Humira and Its Biosimilar UBP1211
Humira is a fully human monoclonal antibody targeting TNF-α. It is an established biologic treatment for a number of autoimmune diseases including rheumatoid arthritis. Based on several studies to evaluate the effectiveness and safety of Humira in patients with rheumatoid arthritis, Humira has not only demonstrated significant, rapid, and sustained improvements in disease activity, but has also improved functional status, quality of life and work productivity in rheumatoid arthritis patients with acceptable safety profile.
The structural, functional and pharmacokinetic evaluations of UBP 1211 have shown that it is highly similar to Humira, proving UBP1211’s potential to reduce the signs and symptoms of moderate to severe rheumatoid arthritis in adults with an acceptable safety profile.
The Phase I clinical trial is a randomized double-blind trial to compare the similarities between UBP1211 and Humira. The safety data were collected from all subjects in the study without distinguishing between the two drugs. As at June 25, 2018, a total of 154 subjects were enrolled in the study.
Development Collaboration with Jiangsu T-mab BioPharma Co., Ltd (“T-mab”)
In August 2017, we entered into a collaborative research, development and commercialization agreement with T-mab, a biotech company focused on the development of biologics.
UBP1213 (anti-BLyS mAb)
UBP1213 is a recombinant humanized anti-BLyS monoclonal antibody injection, which is being developed for the treatment of systemic lupus erythematosus (“SLE”) and other autoimmune diseases. We received IND approval from the CDA in October 2016.
Mechanism of Action
BLyS is produced by macrophages, neutrophils and monocytes SLE. It is required for the survival of B cells.
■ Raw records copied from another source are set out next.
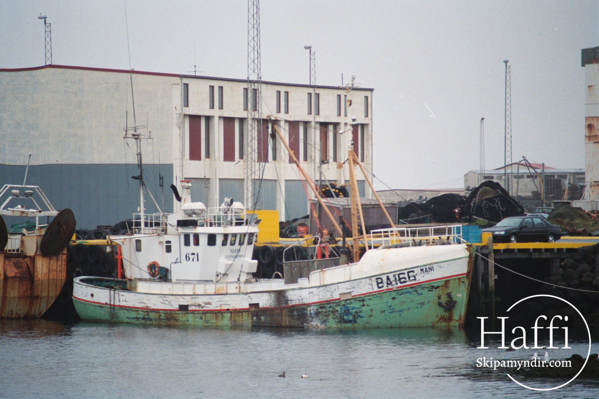 Máni BA 166 liggur hér í Grindavíkurhöfn um árið en upphaflega var Máni með einkennisstafina GK og númerið 36.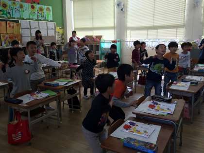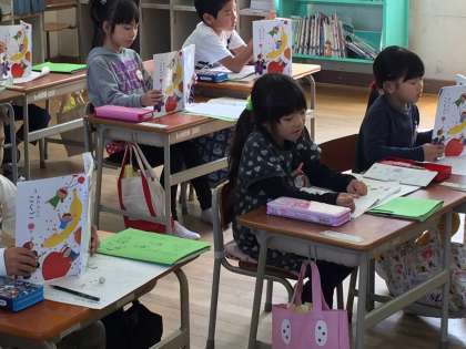 1年1組の「サラダでげんき」の学習です。サラダに入れるものを考えて、お手紙を書きました。どの子もしっかりと書いて、発表していました。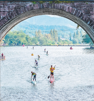 安徽黄山休宁县齐云山横江水域,参加2025年安徽省桨板公开赛的选手在挥桨竞逐。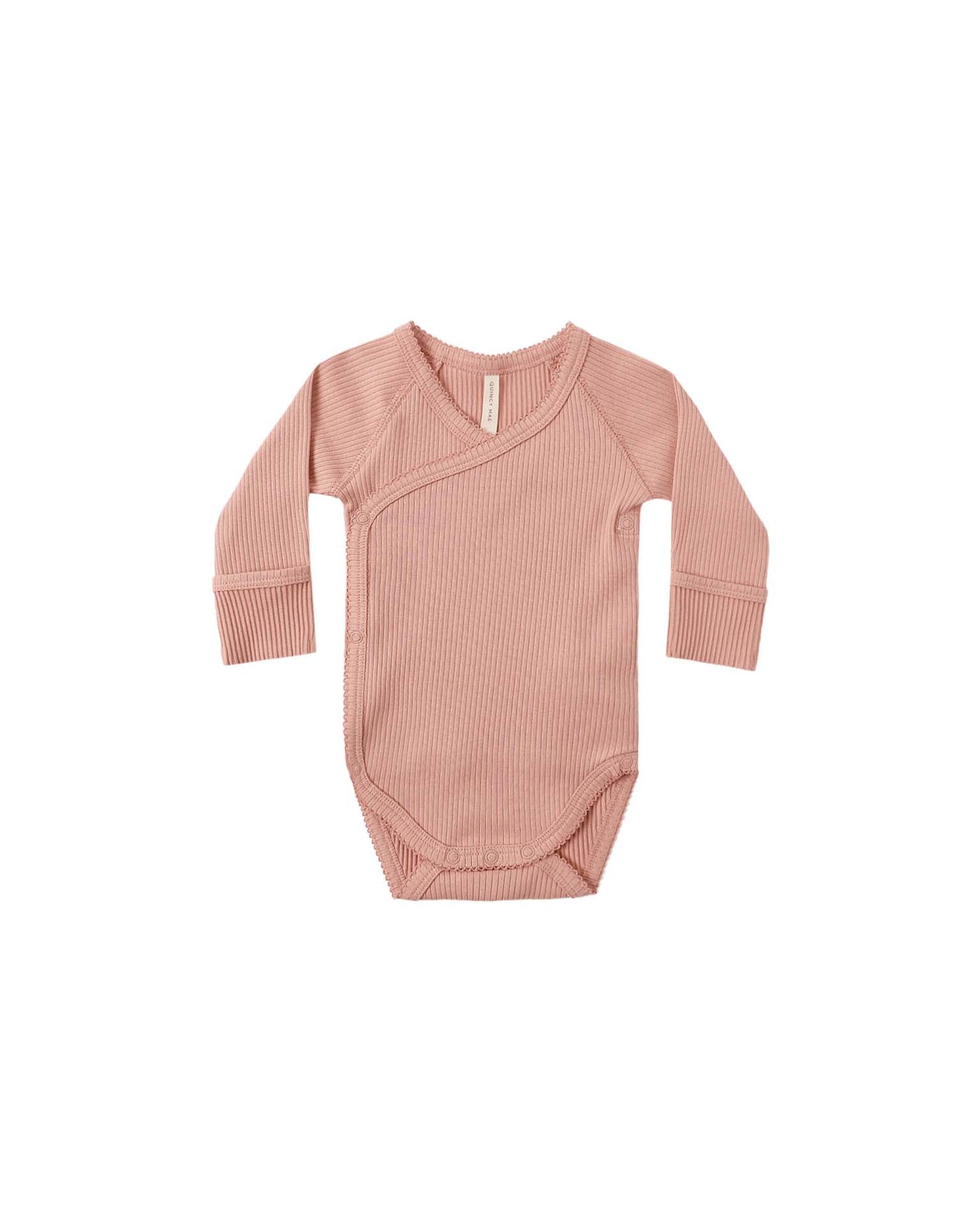 Side snap bodysuit made out of our velvety soft organic brushed fabric. Snaps at inside and along inseam for the coziest fit with fold-over hand mitts.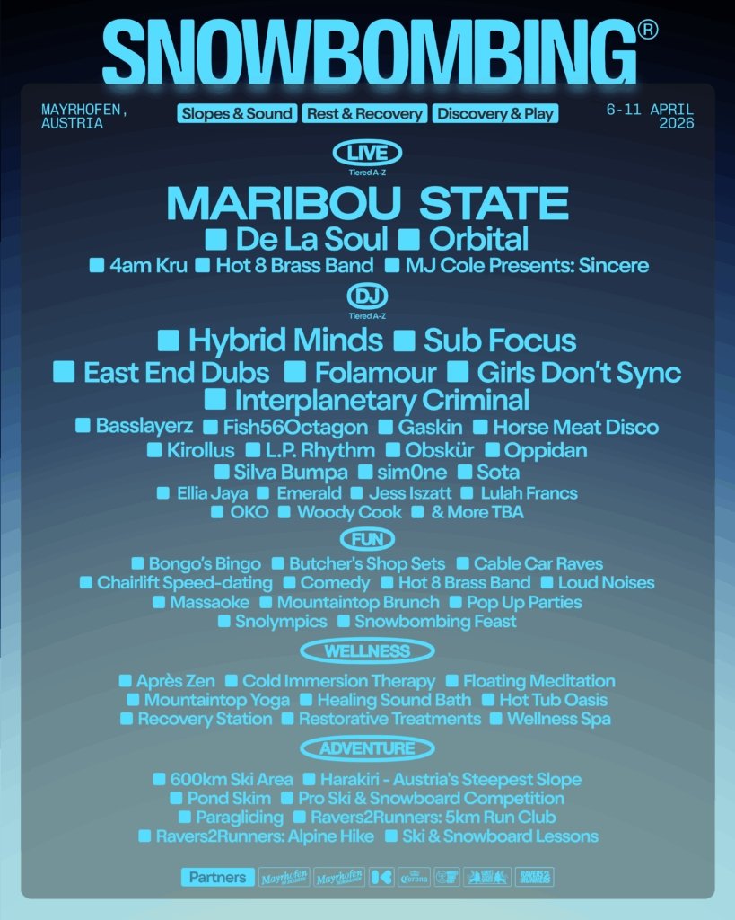 - Snowbombing (Mayrhofen, Austria): The OG of alpine music festivals. It’s known for quirky venues—igloo raves, forest parties, and street parties—mixing electronic acts with live bands like Liam Gallagher.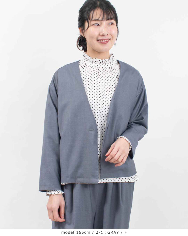 表面感のきれいなポリエステル/レーヨン素材を使用した、Vネックバックギャザージャケット。しっかりとしたハリ感がありながら、ストレッチ性も備えており、しなやかな着心地が魅力です。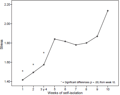 For its part, the ANOVA only revealed significant differences between stress perception over weeks (F = 6.996, p < .001, η2p = .05). Because only one person reported having spent three weeks social distancing, they were incorporated into the group that stated it had spent four weeks social distancing, as a result of which the new group was named “three and four weeks.” Tukey’s post hoc test revealed significant differences in stress perception (F = 13.98, p < .001, η2p = .09) between people who had spent one (M = 1.42; SD = .58), two (M = 1.49; SD = .71), three and four weeks (M = 1.57; SD = .65) and those who had spent ten weeks social distancing (M = 2.14; SD = .23). This indicates that stress perception is higher in those who have spent two and a half months self-isolating than in those who have done so for a month or less (Figure 1).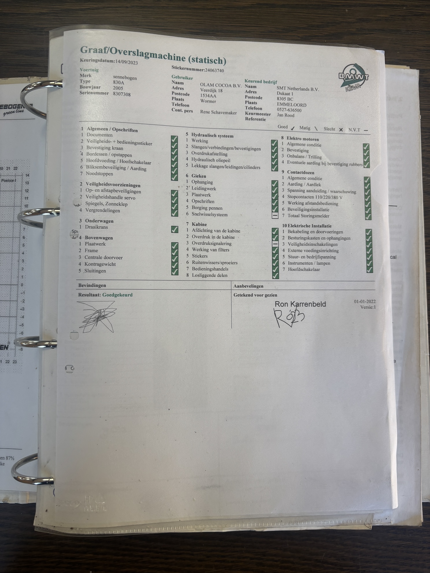 Pedestal, with 4 point outriggers including 1.6 meter pylon. Central lubrication, airo, radio, all additional books available. Catwalk around the upper carriage, Dutch machine. Grab in the picture is not included.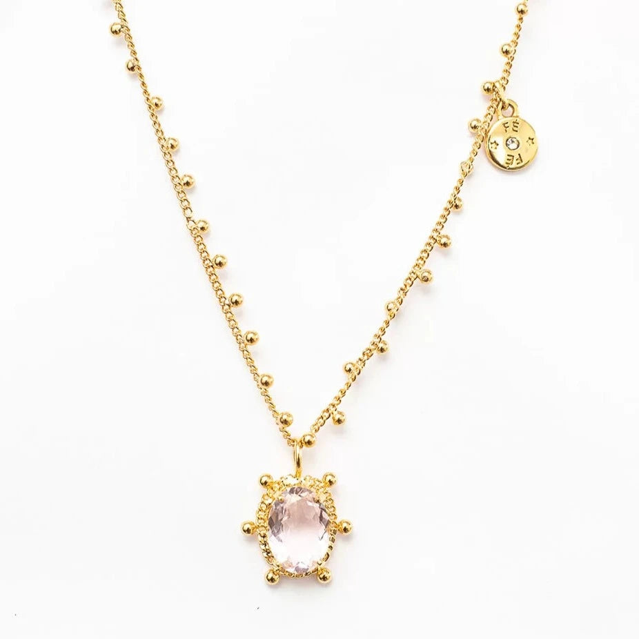 The ball chain is delicate and lightweight, offering a subtle and refined touch to the necklace. The oval pendant with applied pink crystal is the highlight of this piece, adding extra sparkle and a touch of refinement to the accessory.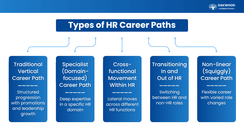 The HR Career Path offers multiple routes for growth based on skills and interests. It is flexible, with professionals entering from different backgrounds. These paths can be understood through the directions HR professionals take: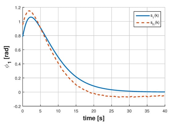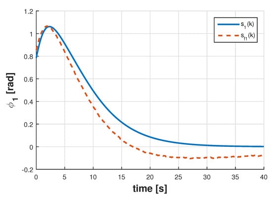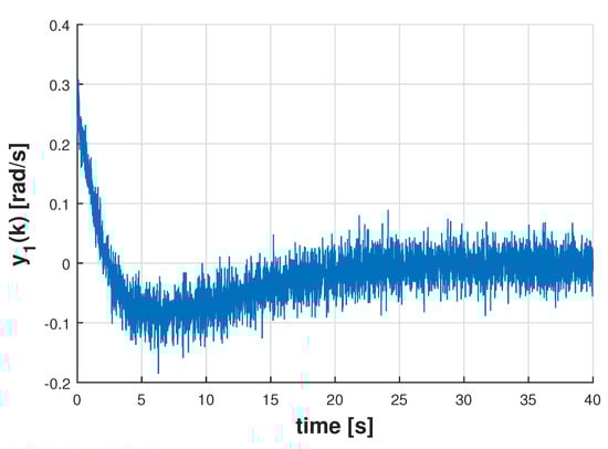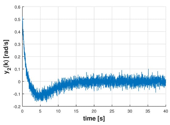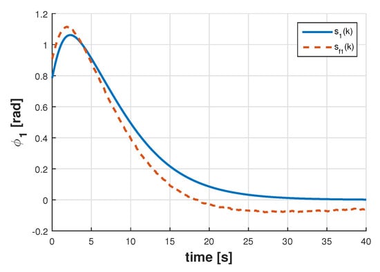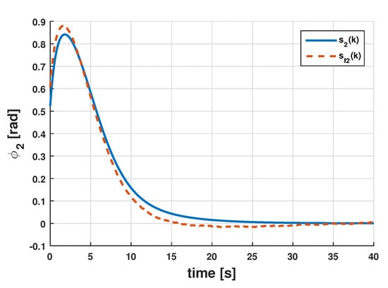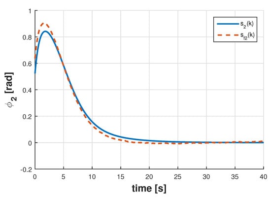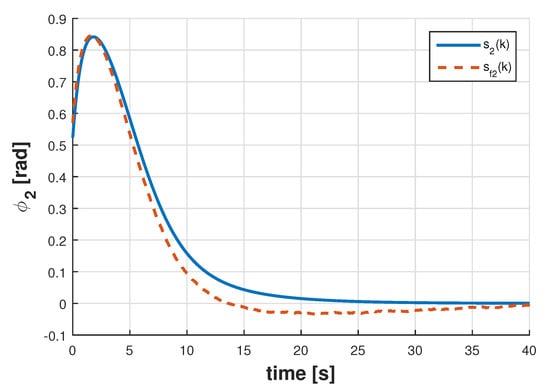 Figure 6 displays the estimate of the signal along with , whereas the signals and and shown in Figure 7. The results for the full-order filter are displayed in Figure 8 and Figure 9, and in Figure 10 and Figure 11 are depicted the results corresponding to the reduced-order filter. Notice in this particular example that the designed filters have obtained reasonably good estimates of the joint angles despite noisy measurements demonstrating the effectiveness of the proposed approach in a more practical scenario.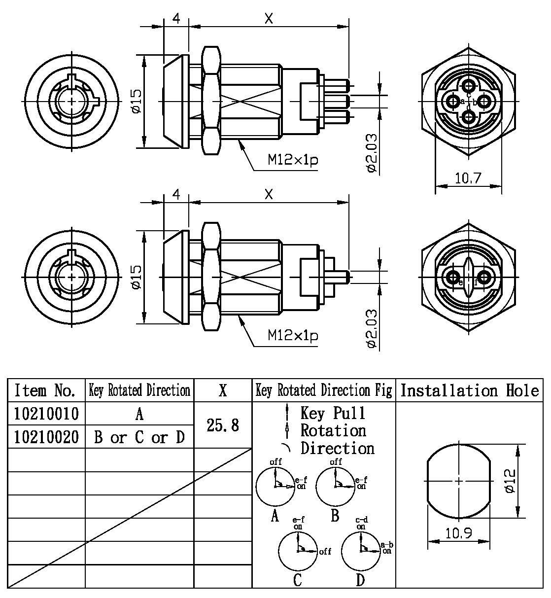1. 额定电流(电压):2A/125VAC、1A/250VAC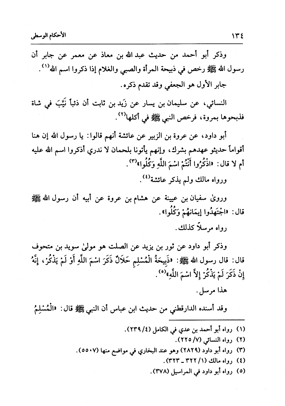 أبو داود، عن عروة بن الزبير عن عائشة أنهم قالوا: يا رسول الله إن هنا أقوامًا حديثو عهدهم بشرك، وإنهم يأتونا بلحمان لا ندري أذكروا اسم الله عليه أم لا قال: "اذْكُرُوا أَنْتُمْ اسْمَ اللهِ وَكُلُوا" (¬3).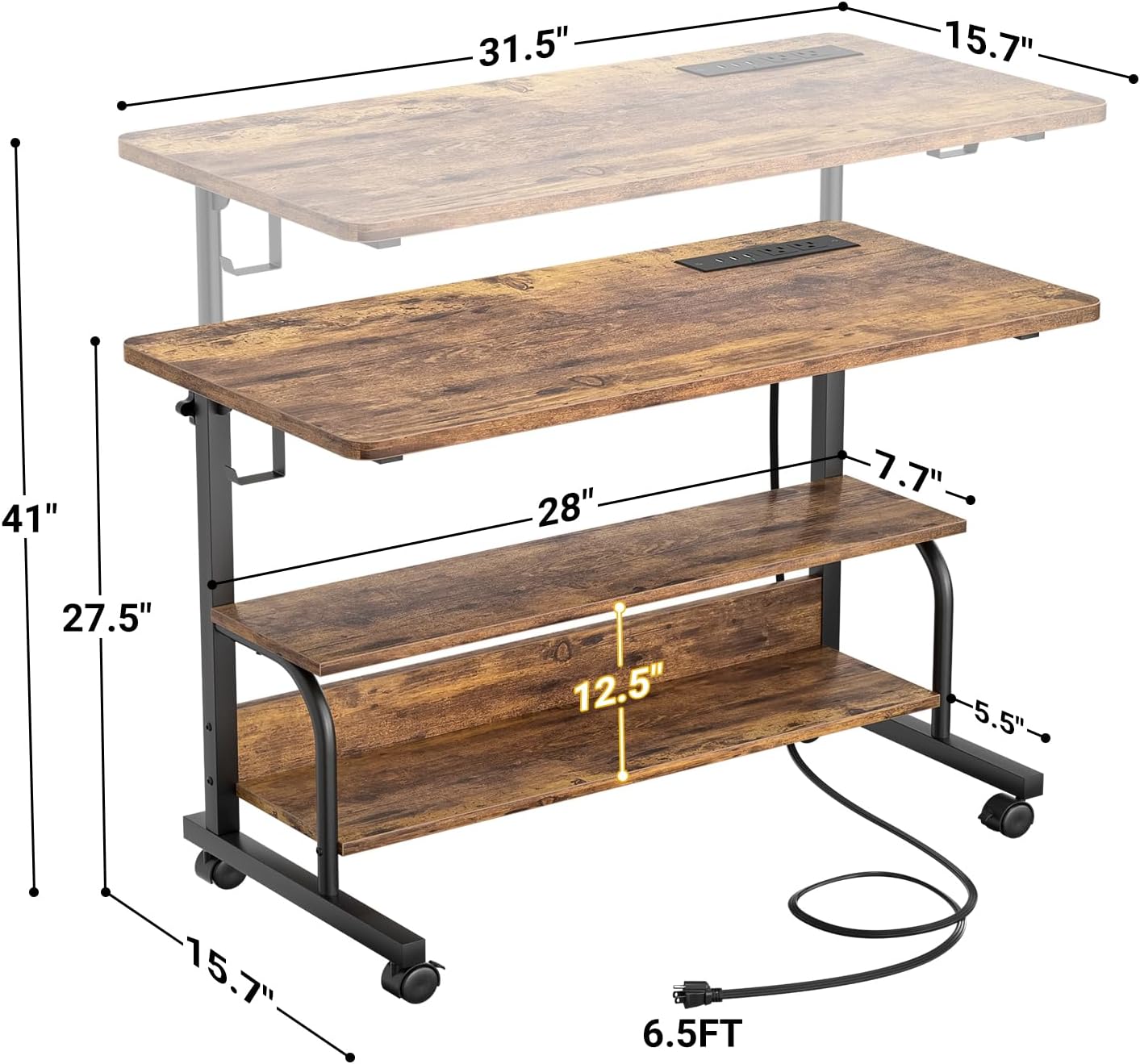 • Height Adjustable Standing Desk with Power Outlets: Besiost rolling standing desk equipped with 2 AC outlets and 3 USB ports and 6.5ft long power supply cord provide the charging convenience for phone, laptops, AirPods, etc. Velcro tape make your device's cords tidy.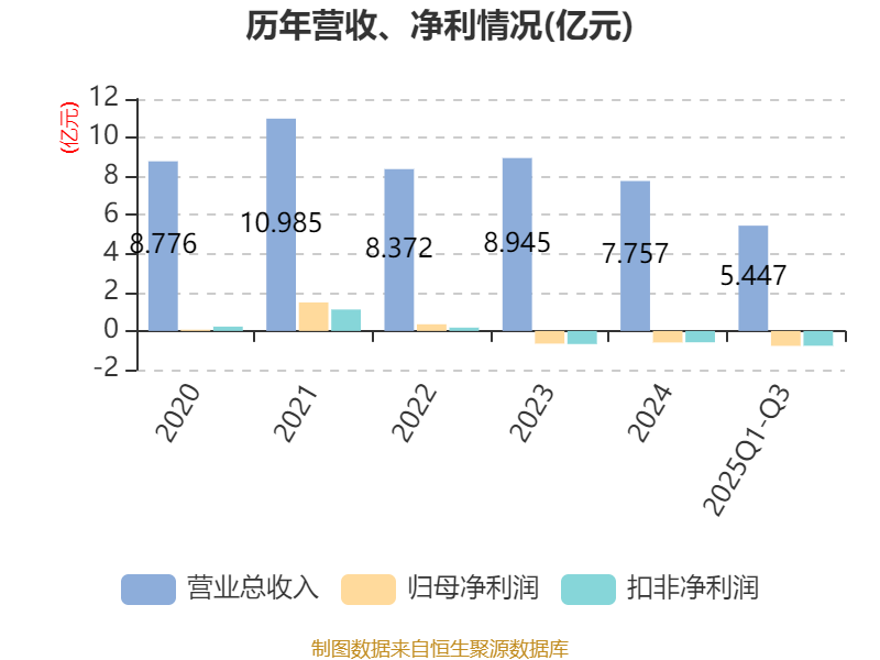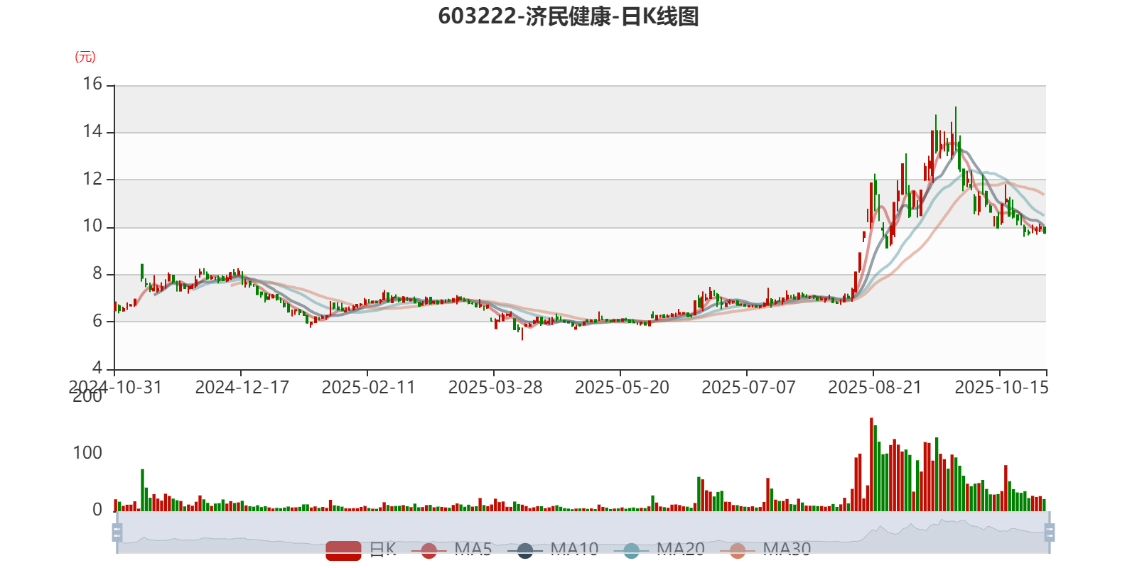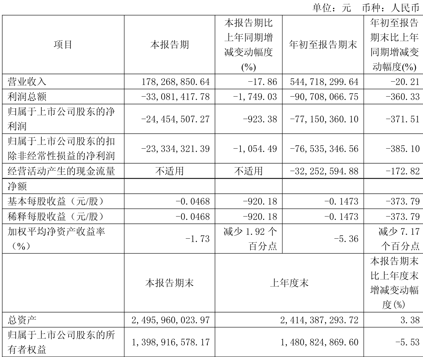 中证智能财讯济民健康(603222)10月31日披露2025年第三季度报告。前三季度公司实现营业总收入5.45亿元,同比下降20.21%;归母净利润亏损7715.04万元,上年同期盈利2841.5万元;扣非净利润亏损7653.53万元,上年同期盈利2684.54万元;经营活动产生的现金流量净额为-3225.26万元,上年同期为4428.8万元;报告期内,济民健康基本每股收益为-0.1473元,加权平均净资产收益率为-5.36%。

Excessive level of BLyS induces abnormally high survival of autoreactive B cells and differentiation of B cells into antibody-producing plasma cells, which causes SLE and other autoimmune diseases. The FDA approved BLyS inhibitor for the treatment of SLE has shown statistically significant, albeit modest, efficacy, representing a step forward in treating SLE.
Features of UBP1213
UBP1213 has the following main features demonstrated in the preclinical studies:
(1) The dissociation rate of UBP1213 and BLyS is slow and the affinity is strong;
(2) UBP1213 has a strong ability to inhibit the binding of soluble BLyS and BR3-Fc;
(3) In single dose toxicity study with 40 times the Minimal Anticipated Biological Effect Level (MABEL) dosage and repeated dose toxicity study with 10 times the MABEL dosage on cynomolgus monkeys, the findings in the studies were reversible and could be related to the pharmacological effect of the test article, reflecting high safety profile of UBP1213;
(4) Typical pharmacokinetic behavior of monoclonal antibodies was demonstrated in the pharmacokinetic studies on cynomolgus monkeys adopting single doses of low, medium and high doses and multiple doses of medium dose.
Based on the above features of UBP1213, we are advancing UBP1213 to the clinical trials stage for the treatment of adult patients with SLE.
Cooperation with WHKB
Shanghai Union Biopharm entered into an agreement (the “WHKB Agreement”) in May 2012 with Wuhan Huaxin Kangyuan Biopharma Co., Ltd. (“WHKB”).